### What you have to do
Give again, word for word, every line in the entries below from the line with "1月29日,学校2023年宣" up to and including the line with "Poet Dorothy Mahoney", and no other line.

### Data for processing
*** Block opens ***
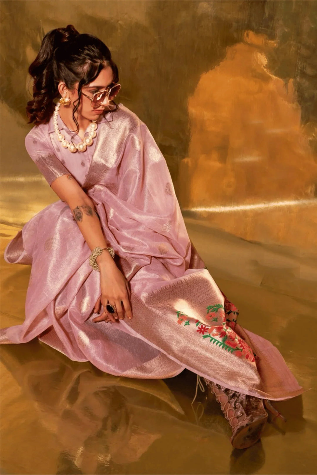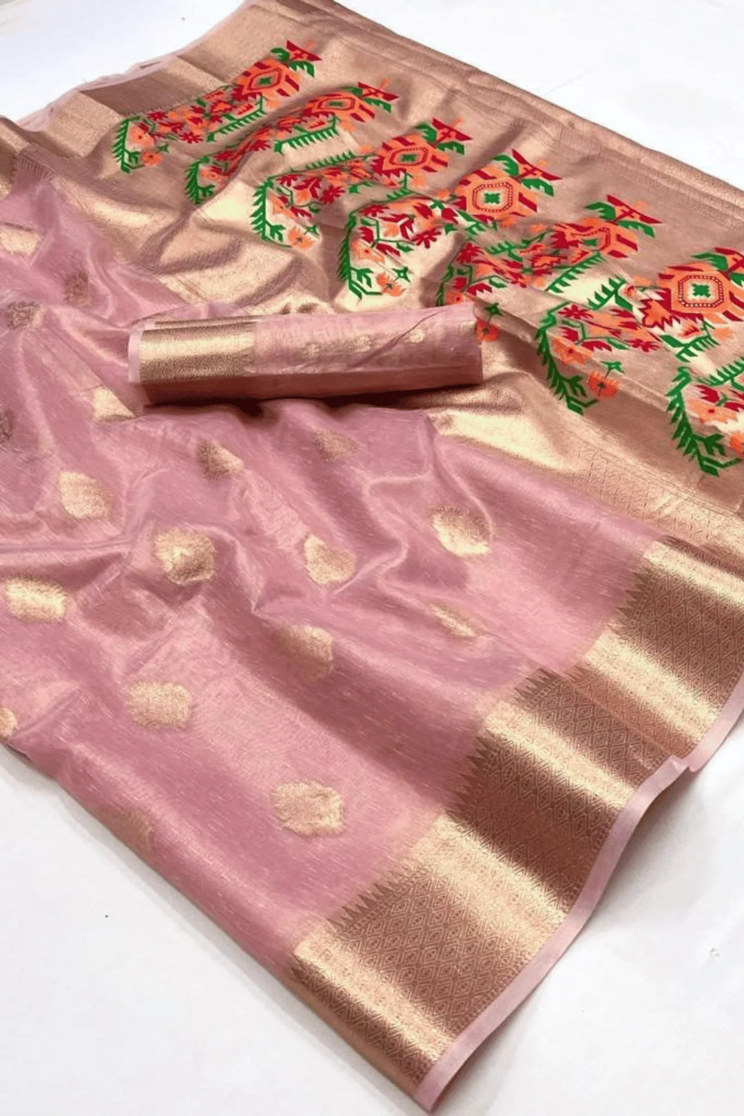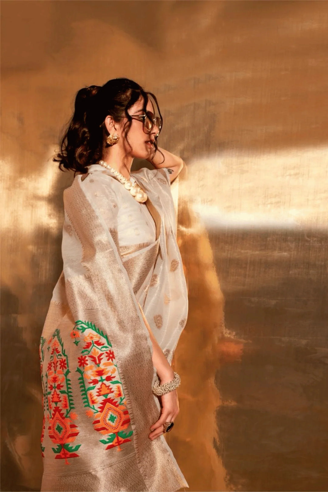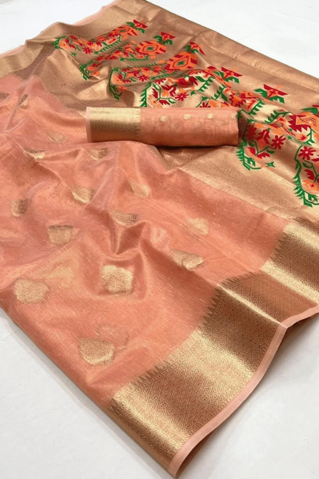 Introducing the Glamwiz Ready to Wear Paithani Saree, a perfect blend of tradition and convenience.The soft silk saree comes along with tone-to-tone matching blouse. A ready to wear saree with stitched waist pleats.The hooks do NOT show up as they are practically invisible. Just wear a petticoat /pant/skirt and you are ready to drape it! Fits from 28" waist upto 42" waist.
*** Block closes ***
*** Block opens ***
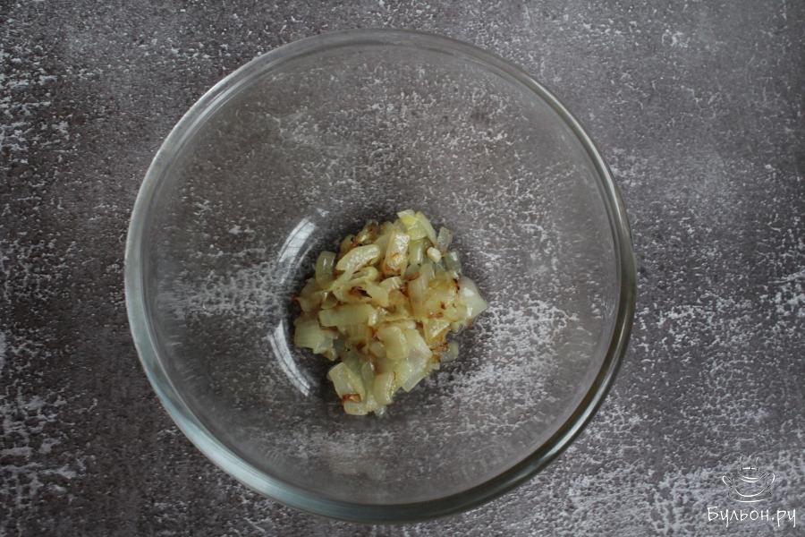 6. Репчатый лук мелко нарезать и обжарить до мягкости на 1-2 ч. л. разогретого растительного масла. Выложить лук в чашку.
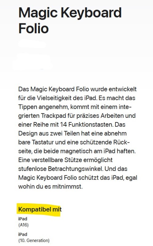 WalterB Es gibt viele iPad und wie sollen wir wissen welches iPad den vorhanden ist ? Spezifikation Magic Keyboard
*** Block closes ***
*** Block opens ***
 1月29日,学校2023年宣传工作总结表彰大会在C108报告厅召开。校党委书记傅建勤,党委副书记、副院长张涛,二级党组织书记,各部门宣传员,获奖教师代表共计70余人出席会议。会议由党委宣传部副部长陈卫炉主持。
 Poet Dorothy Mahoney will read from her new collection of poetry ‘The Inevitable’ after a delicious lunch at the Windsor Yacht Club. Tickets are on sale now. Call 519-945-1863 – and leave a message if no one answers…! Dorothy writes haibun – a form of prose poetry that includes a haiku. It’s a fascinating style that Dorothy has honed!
*** Block closes ***
### The answer
 1月29日,学校2023年宣传工作总结表彰大会在C108报告厅召开。校党委书记傅建勤,党委副书记、副院长张涛,二级党组织书记,各部门宣传员,获奖教师代表共计70余人出席会议。会议由党委宣传部副部长陈卫炉主持。
 Poet Dorothy Mahoney will read from her new collection of poetry ‘The Inevitable’ after a delicious lunch at the Windsor Yacht Club. Tickets are on sale now. Call 519-945-1863 – and leave a message if no one answers…! Dorothy writes haibun – a form of prose poetry that includes a haiku. It’s a fascinating style that Dorothy has honed!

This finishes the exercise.